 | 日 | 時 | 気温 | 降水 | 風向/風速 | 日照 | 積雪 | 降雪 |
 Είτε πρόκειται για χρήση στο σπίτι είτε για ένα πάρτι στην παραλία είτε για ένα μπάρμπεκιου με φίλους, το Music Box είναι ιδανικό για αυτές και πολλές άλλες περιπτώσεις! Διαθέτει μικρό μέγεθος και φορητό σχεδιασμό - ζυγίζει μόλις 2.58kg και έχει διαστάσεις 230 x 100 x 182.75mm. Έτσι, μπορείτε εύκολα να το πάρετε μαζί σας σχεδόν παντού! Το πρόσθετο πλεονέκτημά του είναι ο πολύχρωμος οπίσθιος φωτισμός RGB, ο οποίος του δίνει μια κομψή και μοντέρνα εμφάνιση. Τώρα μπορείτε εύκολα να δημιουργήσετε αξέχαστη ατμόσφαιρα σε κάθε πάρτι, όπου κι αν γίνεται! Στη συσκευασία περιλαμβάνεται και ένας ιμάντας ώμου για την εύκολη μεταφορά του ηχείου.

--

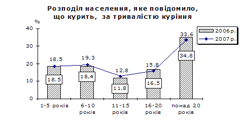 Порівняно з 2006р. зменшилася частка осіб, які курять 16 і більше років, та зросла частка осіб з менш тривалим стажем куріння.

--

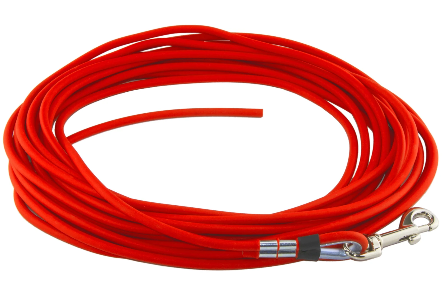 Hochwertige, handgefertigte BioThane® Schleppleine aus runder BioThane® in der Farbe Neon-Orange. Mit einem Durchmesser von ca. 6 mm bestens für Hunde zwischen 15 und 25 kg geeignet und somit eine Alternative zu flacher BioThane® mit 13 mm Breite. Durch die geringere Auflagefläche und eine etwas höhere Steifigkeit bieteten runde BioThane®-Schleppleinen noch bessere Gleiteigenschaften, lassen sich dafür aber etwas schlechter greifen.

Assigned task: Once you find the line with "日照 | 積雪 | 降雪 |" in the entries above, output it and each line after it up to and including the line with "Είτε πρόκειται για", and nothing else.

Exercise output:
 | 日 | 時 | 気温 | 降水 | 風向/風速 | 日照 | 積雪 | 降雪 |
 Είτε πρόκειται για χρήση στο σπίτι είτε για ένα πάρτι στην παραλία είτε για ένα μπάρμπεκιου με φίλους, το Music Box είναι ιδανικό για αυτές και πολλές άλλες περιπτώσεις! Διαθέτει μικρό μέγεθος και φορητό σχεδιασμό - ζυγίζει μόλις 2.58kg και έχει διαστάσεις 230 x 100 x 182.75mm. Έτσι, μπορείτε εύκολα να το πάρετε μαζί σας σχεδόν παντού! Το πρόσθετο πλεονέκτημά του είναι ο πολύχρωμος οπίσθιος φωτισμός RGB, ο οποίος του δίνει μια κομψή και μοντέρνα εμφάνιση. Τώρα μπορείτε εύκολα να δημιουργήσετε αξέχαστη ατμόσφαιρα σε κάθε πάρτι, όπου κι αν γίνεται! Στη συσκευασία περιλαμβάνεται και ένας ιμάντας ώμου για την εύκολη μεταφορά του ηχείου.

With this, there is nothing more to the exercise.